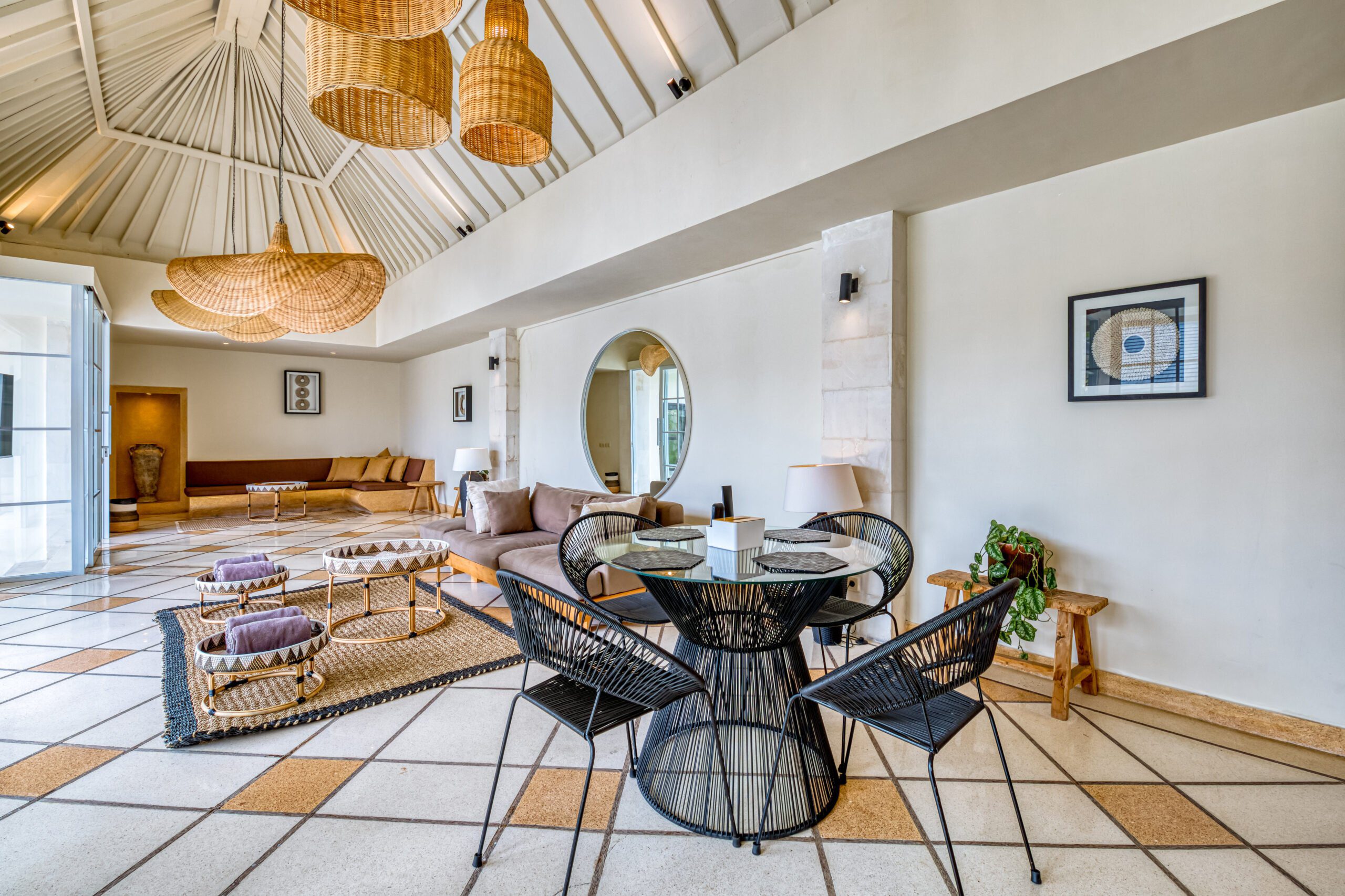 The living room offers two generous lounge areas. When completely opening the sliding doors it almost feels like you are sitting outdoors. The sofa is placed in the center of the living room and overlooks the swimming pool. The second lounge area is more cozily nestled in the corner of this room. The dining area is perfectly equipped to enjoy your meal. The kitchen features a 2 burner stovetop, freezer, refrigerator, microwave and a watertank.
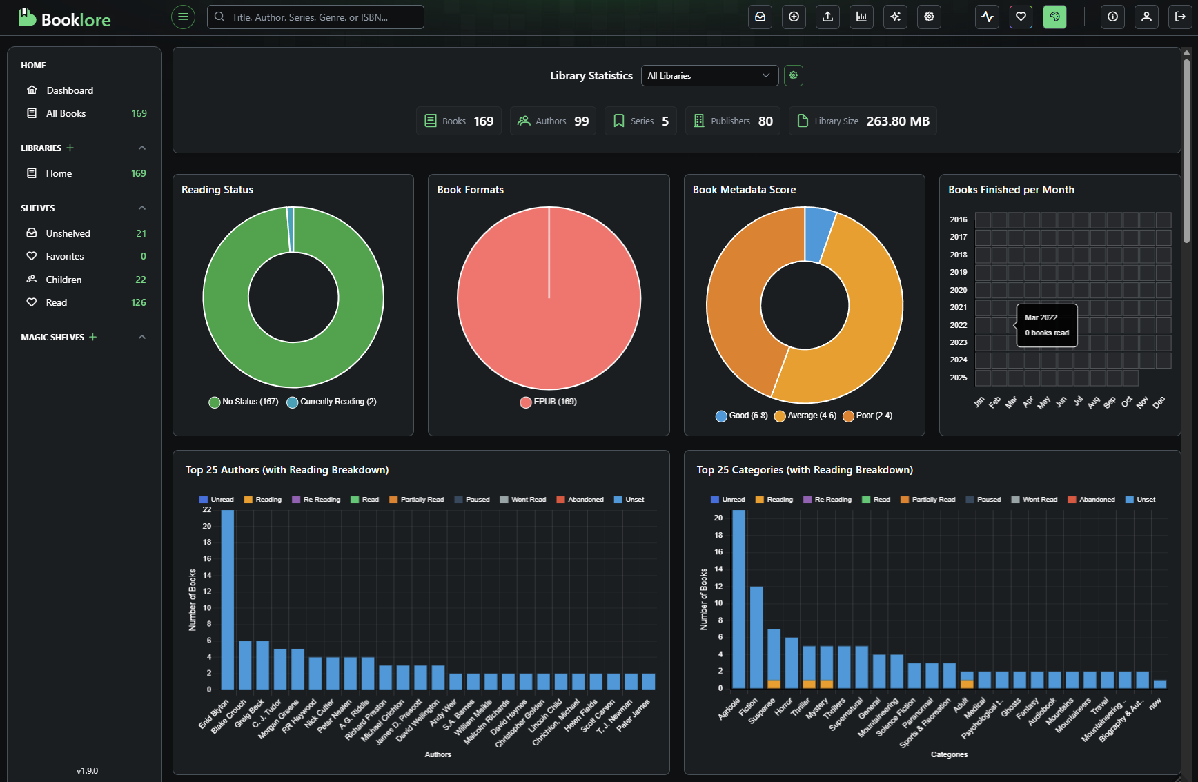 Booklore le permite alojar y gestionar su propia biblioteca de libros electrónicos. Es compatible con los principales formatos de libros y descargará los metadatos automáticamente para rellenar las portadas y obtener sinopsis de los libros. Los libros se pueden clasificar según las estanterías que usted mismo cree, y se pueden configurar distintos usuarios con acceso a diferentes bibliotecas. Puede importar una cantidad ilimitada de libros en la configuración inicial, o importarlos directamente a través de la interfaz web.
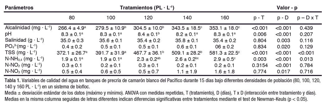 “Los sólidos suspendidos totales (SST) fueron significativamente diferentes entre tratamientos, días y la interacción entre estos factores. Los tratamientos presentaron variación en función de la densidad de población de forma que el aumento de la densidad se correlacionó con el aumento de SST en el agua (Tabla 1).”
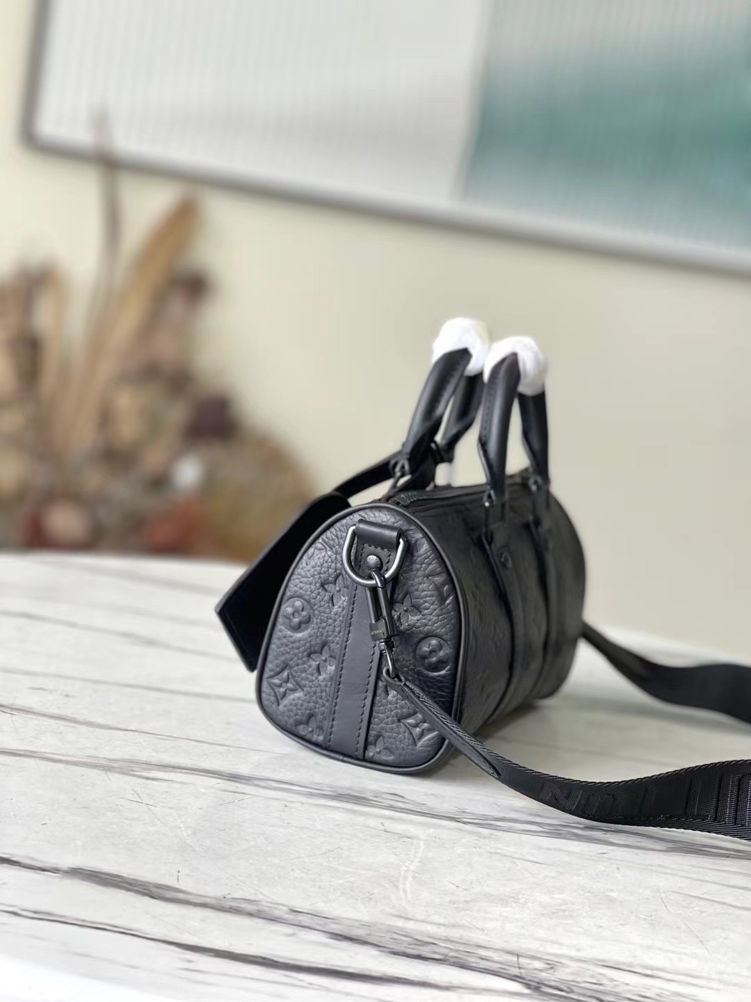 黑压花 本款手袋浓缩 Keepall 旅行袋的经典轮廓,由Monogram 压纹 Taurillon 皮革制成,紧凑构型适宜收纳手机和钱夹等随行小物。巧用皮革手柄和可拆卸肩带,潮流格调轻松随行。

▸ WORK TASK
The full material above must be output verbatim, minus any pictures.

▸ RESPONSE
 The living room offers two generous lounge areas. When completely opening the sliding doors it almost feels like you are sitting outdoors. The sofa is placed in the center of the living room and overlooks the swimming pool. The second lounge area is more cozily nestled in the corner of this room. The dining area is perfectly equipped to enjoy your meal. The kitchen features a 2 burner stovetop, freezer, refrigerator, microwave and a watertank.
 Booklore le permite alojar y gestionar su propia biblioteca de libros electrónicos. Es compatible con los principales formatos de libros y descargará los metadatos automáticamente para rellenar las portadas y obtener sinopsis de los libros. Los libros se pueden clasificar según las estanterías que usted mismo cree, y se pueden configurar distintos usuarios con acceso a diferentes bibliotecas. Puede importar una cantidad ilimitada de libros en la configuración inicial, o importarlos directamente a través de la interfaz web.
 “Los sólidos suspendidos totales (SST) fueron significativamente diferentes entre tratamientos, días y la interacción entre estos factores. Los tratamientos presentaron variación en función de la densidad de población de forma que el aumento de la densidad se correlacionó con el aumento de SST en el agua (Tabla 1).”
 黑压花 本款手袋浓缩 Keepall 旅行袋的经典轮廓,由Monogram 压纹 Taurillon 皮革制成,紧凑构型适宜收纳手机和钱夹等随行小物。巧用皮革手柄和可拆卸肩带,潮流格调轻松随行。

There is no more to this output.